What to work on. A verbatim copy of the records is required, with all pictures left out.

..............................

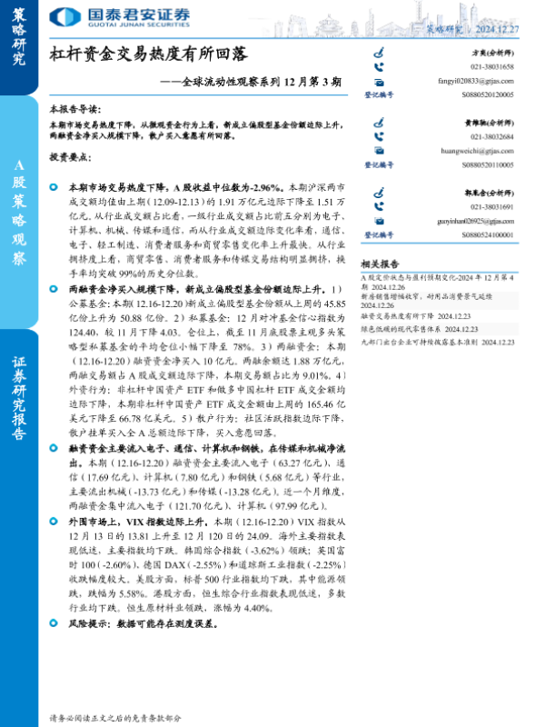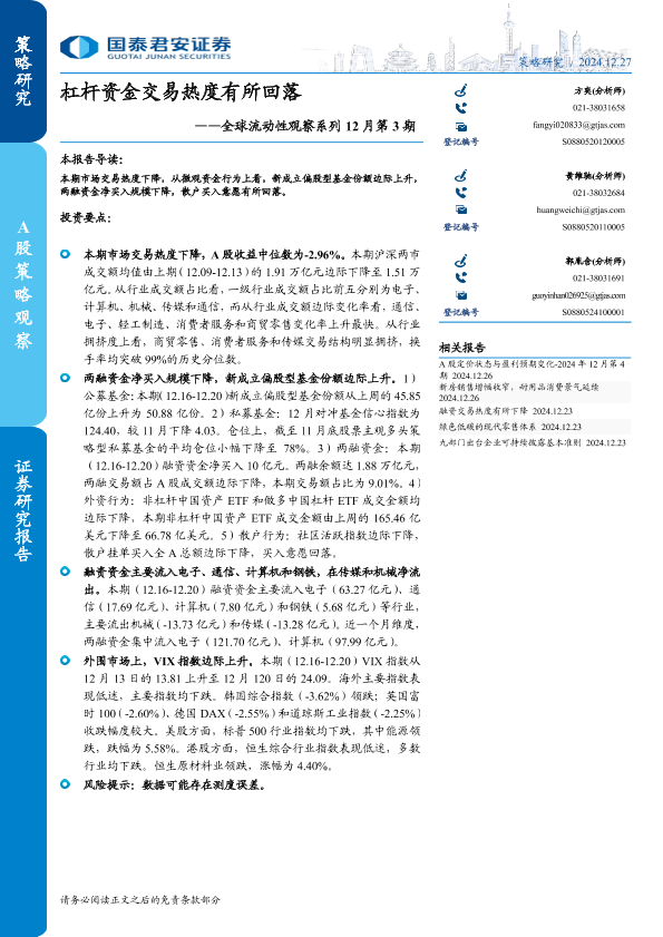 【国泰君安证券】【20241227】全球流动性观察系列12月第3期:杠杆资金交易热度有所回落-13页
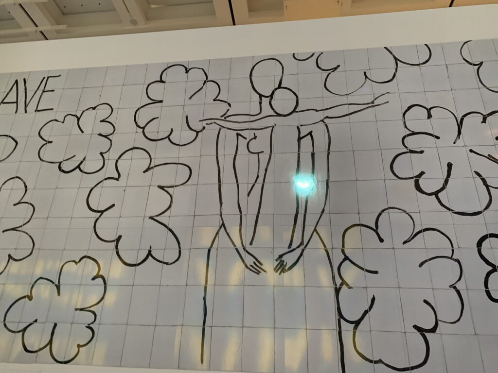 これだけでは大きさが分からないだろう。4×8メートルだそうだ。実際にアトリエにある時の写真も撮ってきた。そこには顔もあるね。この顔も可愛かった。
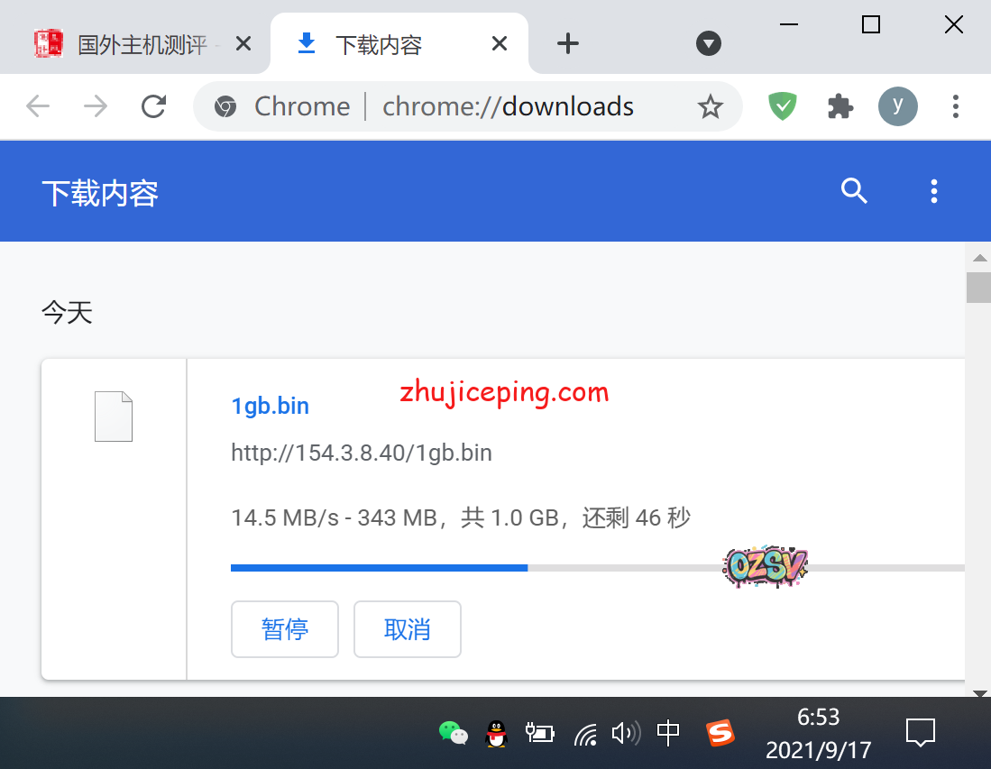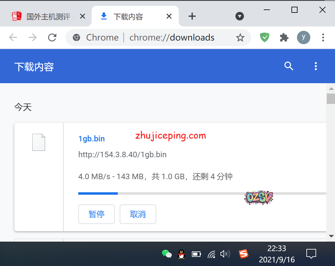 存放在VPS上的文件,广州电信,Chrome浏览器,晚高峰22:33,下载速度大约4MB/S:
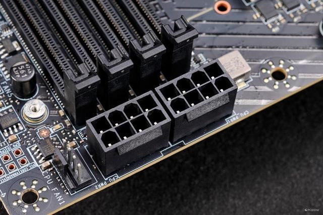 双8pin供电,插口位置来到内存插槽上方,方便大家安装
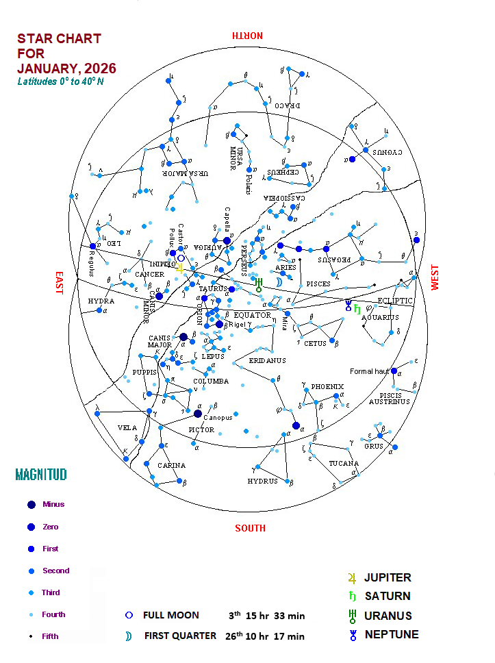 The Moon passes about 3½º north of Jupiter on 4th before sunrise, about 2½º south of Mars on 18th, about 1½º south of Mercury on 18th, about 2º south of Venus on 19th, about 4½º north of Saturn on 23rd after sunset, about 3½º north of Neptune on 23rd before midnight, about 5½º north of Uranus on 28th just after midnight of 27th, about 4º north of Jupiter on 31st. The Earth The Earth approaches the perihelion position on its orbit or reaches nearest to the Sun on 4th. The PlanetsVisibility of Planets: Mercury: The planet rises about 1 hour before sunrise on 1th of the month. From 2nd planet is too close to the Sun to be visible. The planet is at aphelion or farthest from the Sun in its orbit on 6th. The planet is in Superior conjunction with the Sun on 21st. Venus: The planet is too close to the sun to be visible. The planet is in Superior conjunction with the Sun on 6th. The planet is at aphelion or farthest from the Sun in its orbit on 23rd. Mars: The planet is too close to the sun to be visible. The planet is in conjunction with Sun on 9th of the month. Jupiter: The planet rises about ½ hour after sunset to close to sunset time upto first quarter of the month and thereafter planet sets about ½ hour to 1 hour before sunrise upto third quarter of the month and about 1 hour to 1½ hours before it for the remaining days of the month. The planet is in Opposition with the sun on 10th. Saturn: The planet sets about 1½ hours to 2 hours before local midnight time upto second quarter of the month, about 2 hours to 2½ hours before it upto third quarter of the month and about 2½ hours to 3 hours before it for the remaining days of the month. Uranus: The planet sets about 3 hours to 2 hours after local midnight time upto third quarter of month and about 2 hours to 1 hour after it for the remaining days of the month. Neptune: The planet sets about 1 hour to 1½ hours before local midnight time upto first quarter of the month, about 1½ hours to 2 hours before it upto second quarter of the month, about 2 hours to 2½ hours before local midnight time upto third quarter of the month and about 2½ hours to 3 hour before it for the remaining days of the month. Conjunction of Planet: Venus passes about ½º north of Mars on 8th. Mercury passes about ½º south of Mars on 18th. Mercury passes about ½º north of Venus on 29th.
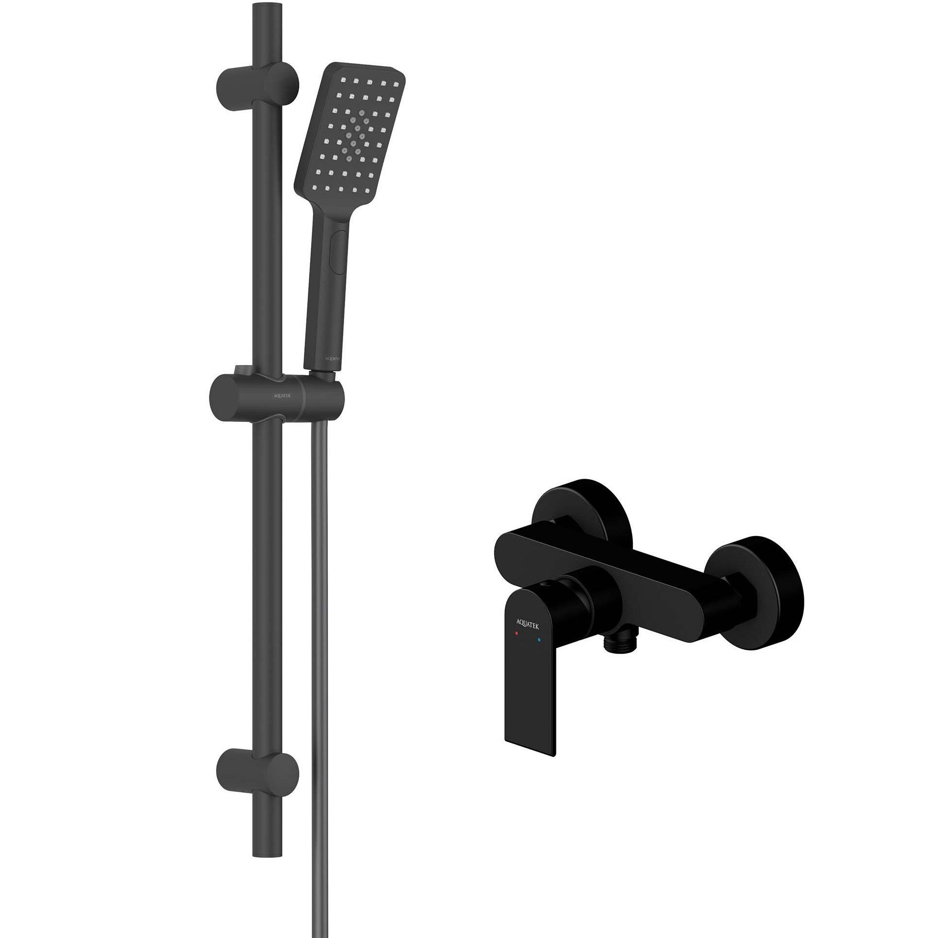 - в комплекте: душевая штанга; держатель душевой лейки; душевая лейка; душевой шланг; монтажный комплект;
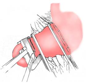 Se fixeaza marginea dreapta a bresei mezocolice la fata posterioara a stomacului. Cu stomacul rasturnat pe rebord, se fixeaza unghiul posterior al bresei la mica curbura, sub ligatura vaselor coronare si unghiul anterior la marea curbura. Intre ele se mai trec fire, apoi se taie toate firele se taie.
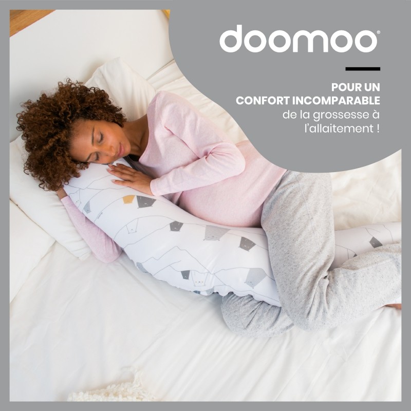 Le coussin d'allaitement doomoo est multi-usages et évolutif. Durant la grossesse, il permet de soulager votre dos, vos jambes ou votre ventre. Confortablement installée avec le coussin, vous vous reposez la journée dans votre canapé et retrouvez un sommeil réparateur la nuit. Le coussin doomoo s'adapte à toutes les positions grâce à sa forme allongée, à son remplissage en microbilles ultra fines et à son coton organique extensible.
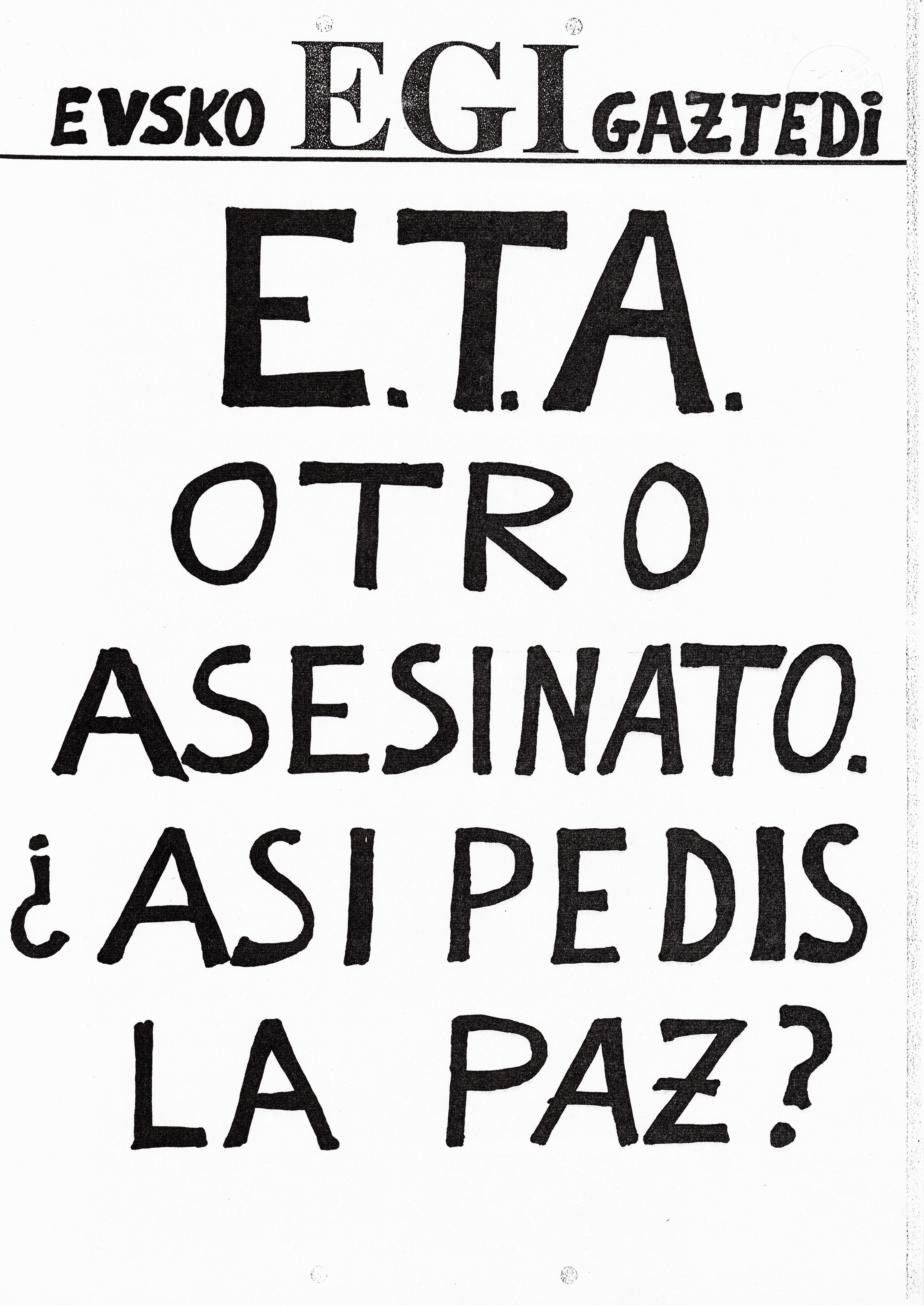 Título: E.T.A, otro asesinato [Material gráfico] : así pedis la paz? : Eusko EGI Gaztedi.
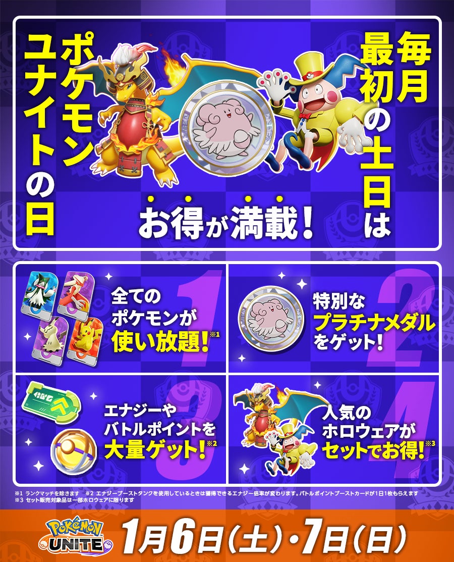 1月の「ポケモンユナイトの日」は、1月6日・7日に開催!

..............................

Solution.
 【国泰君安证券】【20241227】全球流动性观察系列12月第3期:杠杆资金交易热度有所回落-13页
 これだけでは大きさが分からないだろう。4×8メートルだそうだ。実際にアトリエにある時の写真も撮ってきた。そこには顔もあるね。この顔も可愛かった。
 存放在VPS上的文件,广州电信,Chrome浏览器,晚高峰22:33,下载速度大约4MB/S:
 双8pin供电,插口位置来到内存插槽上方,方便大家安装
 The Moon passes about 3½º north of Jupiter on 4th before sunrise, about 2½º south of Mars on 18th, about 1½º south of Mercury on 18th, about 2º south of Venus on 19th, about 4½º north of Saturn on 23rd after sunset, about 3½º north of Neptune on 23rd before midnight, about 5½º north of Uranus on 28th just after midnight of 27th, about 4º north of Jupiter on 31st. The Earth The Earth approaches the perihelion position on its orbit or reaches nearest to the Sun on 4th. The PlanetsVisibility of Planets: Mercury: The planet rises about 1 hour before sunrise on 1th of the month. From 2nd planet is too close to the Sun to be visible. The planet is at aphelion or farthest from the Sun in its orbit on 6th. The planet is in Superior conjunction with the Sun on 21st. Venus: The planet is too close to the sun to be visible. The planet is in Superior conjunction with the Sun on 6th. The planet is at aphelion or farthest from the Sun in its orbit on 23rd. Mars: The planet is too close to the sun to be visible. The planet is in conjunction with Sun on 9th of the month. Jupiter: The planet rises about ½ hour after sunset to close to sunset time upto first quarter of the month and thereafter planet sets about ½ hour to 1 hour before sunrise upto third quarter of the month and about 1 hour to 1½ hours before it for the remaining days of the month. The planet is in Opposition with the sun on 10th. Saturn: The planet sets about 1½ hours to 2 hours before local midnight time upto second quarter of the month, about 2 hours to 2½ hours before it upto third quarter of the month and about 2½ hours to 3 hours before it for the remaining days of the month. Uranus: The planet sets about 3 hours to 2 hours after local midnight time upto third quarter of month and about 2 hours to 1 hour after it for the remaining days of the month. Neptune: The planet sets about 1 hour to 1½ hours before local midnight time upto first quarter of the month, about 1½ hours to 2 hours before it upto second quarter of the month, about 2 hours to 2½ hours before local midnight time upto third quarter of the month and about 2½ hours to 3 hour before it for the remaining days of the month. Conjunction of Planet: Venus passes about ½º north of Mars on 8th. Mercury passes about ½º south of Mars on 18th. Mercury passes about ½º north of Venus on 29th.
 - в комплекте: душевая штанга; держатель душевой лейки; душевая лейка; душевой шланг; монтажный комплект;
 Se fixeaza marginea dreapta a bresei mezocolice la fata posterioara a stomacului. Cu stomacul rasturnat pe rebord, se fixeaza unghiul posterior al bresei la mica curbura, sub ligatura vaselor coronare si unghiul anterior la marea curbura. Intre ele se mai trec fire, apoi se taie toate firele se taie.
 Le coussin d'allaitement doomoo est multi-usages et évolutif. Durant la grossesse, il permet de soulager votre dos, vos jambes ou votre ventre. Confortablement installée avec le coussin, vous vous reposez la journée dans votre canapé et retrouvez un sommeil réparateur la nuit. Le coussin doomoo s'adapte à toutes les positions grâce à sa forme allongée, à son remplissage en microbilles ultra fines et à son coton organique extensible.
 Título: E.T.A, otro asesinato [Material gráfico] : así pedis la paz? : Eusko EGI Gaztedi.
 1月の「ポケモンユナイトの日」は、1月6日・7日に開催!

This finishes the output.